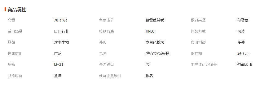 积雪草总甙70% 积雪草提取物 积雪草酸 羟基积雪草甙 化妆品原料 1千克
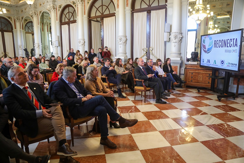 El alcalde de Málaga, Francisco de la Torre, ha dado la bienvenida en el Salón de los Espejos del Ayuntamiento a los participantes en la jornada inaugural del evento Reconecta 2023, junto al organizador del evento, Rafael Senén. Las jornadas celebran en Málaga los días 9,10 y 11 de febrero. En el acto ha estado acompañado del presidente de la Diputación, Francisco Salado, la delegada de Inclusión Social, Juventud, Familias e Igualdad de la Junta de Andalucía, Ruth Sarabia, la directora Académica de la Fundación General de la Fundación General de la UMA, Mar Soto, la concejala de Participación y Acción Exterior. Mar Torres, y el director de Cifal Málaga, Julio Andrade, entre otros. Reconecta 2023 reúne a expertos nacionales e internacionales durante tres jornadas en las que analizarán, desde distintas perspectivas, la importancia de reconectar con nosotros mismos, con los demás y con la naturaleza, en el camino de crear una sociedad más feliz.
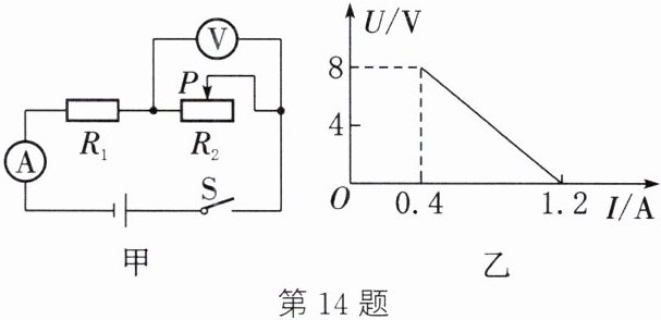14. (2024·天津滨海新区二模)如图甲的电路,$R_{2}$为滑动变阻器,电源电压保持不变。闭合开关S,在滑片P从最右端移动到最左端的过程中,电压表示数U与电流表示数I的关系图像如图乙所示。求:

* _Problem to solve_
Go through the listing above and write it out again exactly, dropping the pictures.

* _Expected answer_
 积雪草总甙70% 积雪草提取物 积雪草酸 羟基积雪草甙 化妆品原料 1千克
 El alcalde de Málaga, Francisco de la Torre, ha dado la bienvenida en el Salón de los Espejos del Ayuntamiento a los participantes en la jornada inaugural del evento Reconecta 2023, junto al organizador del evento, Rafael Senén. Las jornadas celebran en Málaga los días 9,10 y 11 de febrero. En el acto ha estado acompañado del presidente de la Diputación, Francisco Salado, la delegada de Inclusión Social, Juventud, Familias e Igualdad de la Junta de Andalucía, Ruth Sarabia, la directora Académica de la Fundación General de la Fundación General de la UMA, Mar Soto, la concejala de Participación y Acción Exterior. Mar Torres, y el director de Cifal Málaga, Julio Andrade, entre otros. Reconecta 2023 reúne a expertos nacionales e internacionales durante tres jornadas en las que analizarán, desde distintas perspectivas, la importancia de reconectar con nosotros mismos, con los demás y con la naturaleza, en el camino de crear una sociedad más feliz.
14. (2024·天津滨海新区二模)如图甲的电路,$R_{2}$为滑动变阻器,电源电压保持不变。闭合开关S,在滑片P从最右端移动到最左端的过程中,电压表示数U与电流表示数I的关系图像如图乙所示。求:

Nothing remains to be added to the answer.